• How to complete this task:
This exercise calls for an exact copy of the listing, with no pictures kept.

• Information supplied:

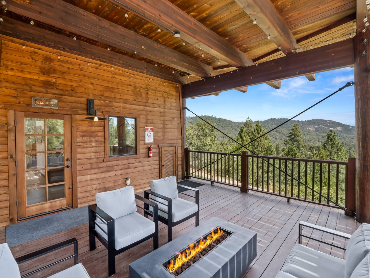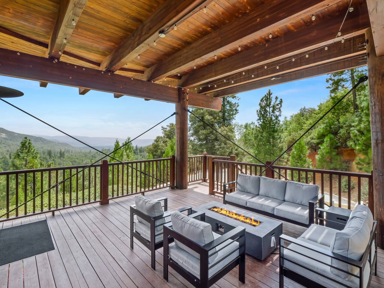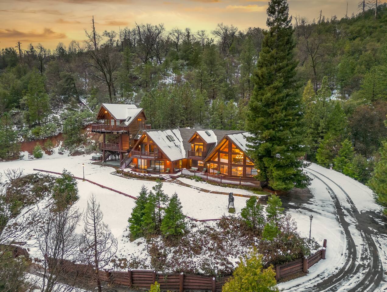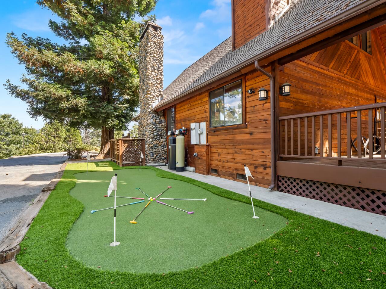 ABOUT THE PROPERTY: ✦ 4400 sq ft custom A-Frame Cabin ✦ Sleeps 20 max (including children) in 5 bedrooms ✦ 3 full bathrooms KEY FEATURES: ✦ 2 Fire Pits - Wood and Propane ✦ 2 Hot Tubs ✦ Putting Green ✦ Pool Table ✦ BBQ ✦ Starlink ✦ Cornhole ✦ 55" Roku Smart TV with apps such as Netflix, Amazon, Hulu, etc. ✦ Backup Generator to ensure your comfort during power outages ✦ Woodburning fireplace ✦ Wood stove ✦ Direct access to 300,000+ acres of national forest ✦ Pets allowed with an additional fee of $150 per pet. ✦ Kid friendly essentials: Pack 'n Play and high chair ✦ 3 King beds & 6 queen beds DISTANCE TO LOCAL ATTRACTIONS: ✦ Yosemite South Gate Entrance - 23 miles ✦ Mariposa Sequoia Grove - 26 miles ✦ Bass Lake - 6 miles ✦ Sugar Pine Railroad - 20 miles ✦ Lewis Creek Trail - 14 miles ✦ Oakhurst - 11 miles ✦ North Fork - 8 miles TRANSPORTATION: ✦ Fresno Airport (FAT) - 45 miles WHAT TO EXPECT: ✦ Sound travels far, and although we sit on 8 acres, please be respectful of your noise levels at all times throughout the day and especially during quiet hours so our neighbors can enjoy the peaceful area they live in. Please abide by Madera County Noise Ordinance regulations 9.58.020 "Residence. It shall be unlawful for any person to make, continue, or cause to be made or continued, any disturbing, excessive or offensive noise which causes discomfort or annoyance to reasonable persons of normal sensitivity residing in the area." This quote is valid during all times of the day. ✦ We suggest bringing a 4x4 or chains in the winter (October-March) ✦ We are out in nature and back up to 300,000 acres of national forest, resulting in wildlife and critters that are occasionally around the property ✦ Partying, smoking, and any violation of the house rules will result in a $1,000 charge and possible removal from the property ✦ We always suggest getting travel insurance for those "life happens" moments ✦ The house has huge windows so cooling the home can be difficult ✦ You may encounter wildlife such as deer and even bears. Please remove all food from your vehicles, close and latch outdoor trash bins, and keep an eye on any pets you may have with you. ✦ The driveway is narrow and somewhat bumpy
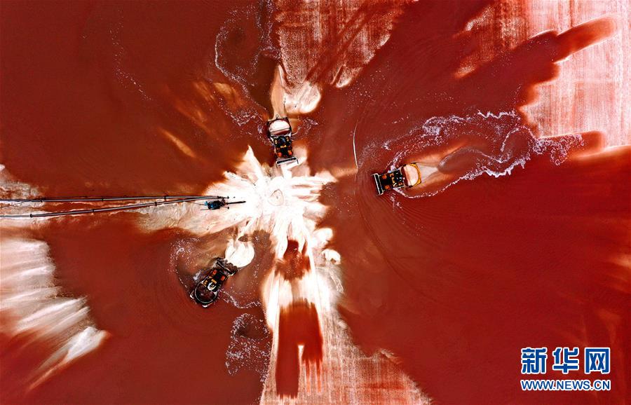 魯北鹽場工人在鹽池中收獲海鹽(10月9日無人機(jī)拍攝)。新華社記者 朱崢 攝
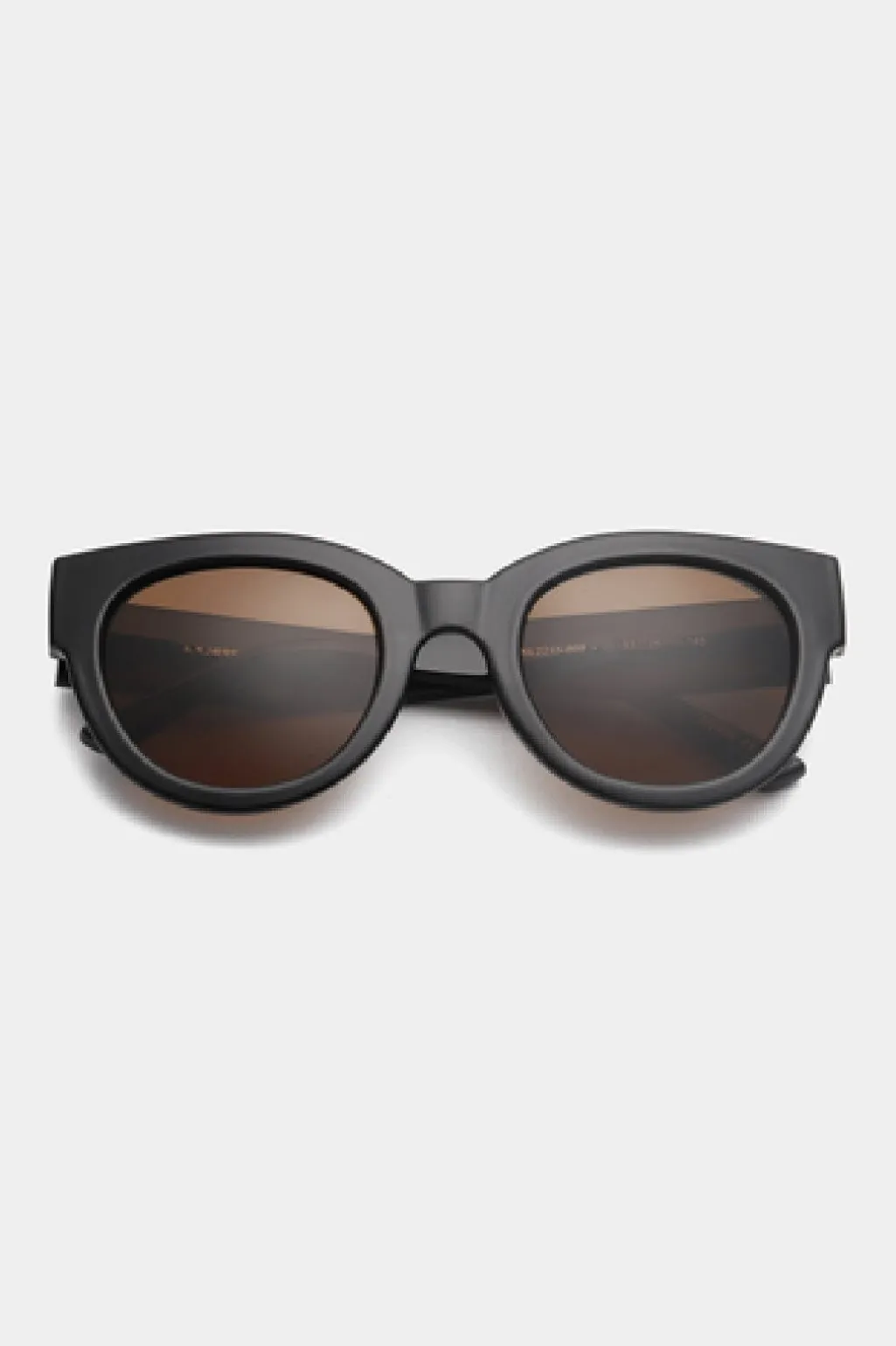 Sorte solbriller fra A. Kjærbede med overdimensioneret cat-eye-form og brune linser. Stellet er lavet af Tritan Renew med en markant bro mellem linserne.

• Written response:
 ABOUT THE PROPERTY: ✦ 4400 sq ft custom A-Frame Cabin ✦ Sleeps 20 max (including children) in 5 bedrooms ✦ 3 full bathrooms KEY FEATURES: ✦ 2 Fire Pits - Wood and Propane ✦ 2 Hot Tubs ✦ Putting Green ✦ Pool Table ✦ BBQ ✦ Starlink ✦ Cornhole ✦ 55" Roku Smart TV with apps such as Netflix, Amazon, Hulu, etc. ✦ Backup Generator to ensure your comfort during power outages ✦ Woodburning fireplace ✦ Wood stove ✦ Direct access to 300,000+ acres of national forest ✦ Pets allowed with an additional fee of $150 per pet. ✦ Kid friendly essentials: Pack 'n Play and high chair ✦ 3 King beds & 6 queen beds DISTANCE TO LOCAL ATTRACTIONS: ✦ Yosemite South Gate Entrance - 23 miles ✦ Mariposa Sequoia Grove - 26 miles ✦ Bass Lake - 6 miles ✦ Sugar Pine Railroad - 20 miles ✦ Lewis Creek Trail - 14 miles ✦ Oakhurst - 11 miles ✦ North Fork - 8 miles TRANSPORTATION: ✦ Fresno Airport (FAT) - 45 miles WHAT TO EXPECT: ✦ Sound travels far, and although we sit on 8 acres, please be respectful of your noise levels at all times throughout the day and especially during quiet hours so our neighbors can enjoy the peaceful area they live in. Please abide by Madera County Noise Ordinance regulations 9.58.020 "Residence. It shall be unlawful for any person to make, continue, or cause to be made or continued, any disturbing, excessive or offensive noise which causes discomfort or annoyance to reasonable persons of normal sensitivity residing in the area." This quote is valid during all times of the day. ✦ We suggest bringing a 4x4 or chains in the winter (October-March) ✦ We are out in nature and back up to 300,000 acres of national forest, resulting in wildlife and critters that are occasionally around the property ✦ Partying, smoking, and any violation of the house rules will result in a $1,000 charge and possible removal from the property ✦ We always suggest getting travel insurance for those "life happens" moments ✦ The house has huge windows so cooling the home can be difficult ✦ You may encounter wildlife such as deer and even bears. Please remove all food from your vehicles, close and latch outdoor trash bins, and keep an eye on any pets you may have with you. ✦ The driveway is narrow and somewhat bumpy
 魯北鹽場工人在鹽池中收獲海鹽(10月9日無人機(jī)拍攝)。新華社記者 朱崢 攝
 Sorte solbriller fra A. Kjærbede med overdimensioneret cat-eye-form og brune linser. Stellet er lavet af Tritan Renew med en markant bro mellem linserne.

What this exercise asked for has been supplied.